Even that, on average, almost anything, almost anything here is divisible. This line right over here shows
all of the combinations we can buy. All of the combinations of the divisible goods we could buy if we
spend all of our money. That right over there is our budget line. That is our budget line. That is our
budget line. And any combination out here is unaffordable. We don't have enough money for that. Any
combination down here is affordable. Actually, we would end up with extra money if we're below the
budget line. This isn't all that different than what we saw with the production possibilities frontier.
Remember, we had a curve that really showed all of the if we were producing 2 goods, what
combinations of goods we could produce. Anything on that curve for the productions possibility frontier
was efficient. Anything outside of it was unattainable and anything inside was attainable but inefficient.

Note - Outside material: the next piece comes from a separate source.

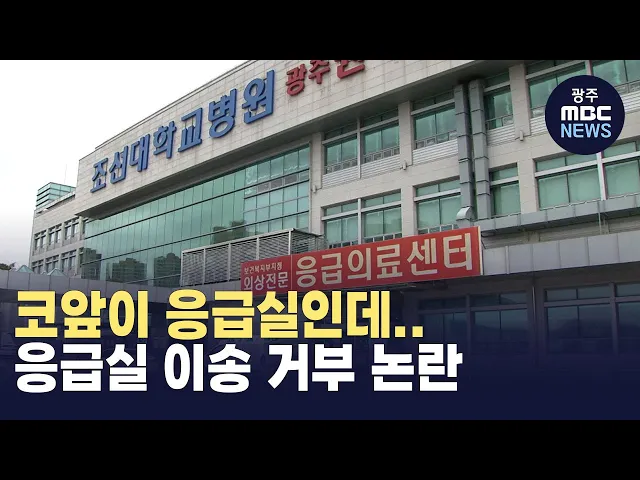 (앵커)응급실마다 의사가 부족해 비상인 가운데 어제(5) 조선대에서는학교에서 심정지 상태로 발견된 여대생이 바로 옆 조선대병원 응급실을이용하지 못하는 일이 일어났습니다.조선대병원이 여건이 안 된다며 환자 이송을 거부했기 때문입니다.천홍희 기자가 보도합니다.(기자)조선대학교 캠퍼스에 있는 벤치에 폴리스라인...

The slope of the budget line is a crucial concept in microeconomics. It represents the rate at which a
consumer can trade one good for another while maintaining the same level of utility. The slope of the
budget line is determined by the relative prices of the two goods and the consumer's income.

A steep slope indicates that the price of one good is relatively high compared to the other, while a
shallow slope indicates that the price of one good is relatively low compared to the other. The slope of
the budget line also determines the consumer's optimal consumption bundle, which is the combination
of goods that maximizes their utility subject to their budget constraint.

A change in the relative price of the two goods will cause the budget line to rotate around the intercept
on the y-axis, changing the slope and the optimal consumption bundle.

A change in income will cause the budget line to shift parallel to itself, changing the intercepts on both
axes but not the slope or the optimal consumption bundle.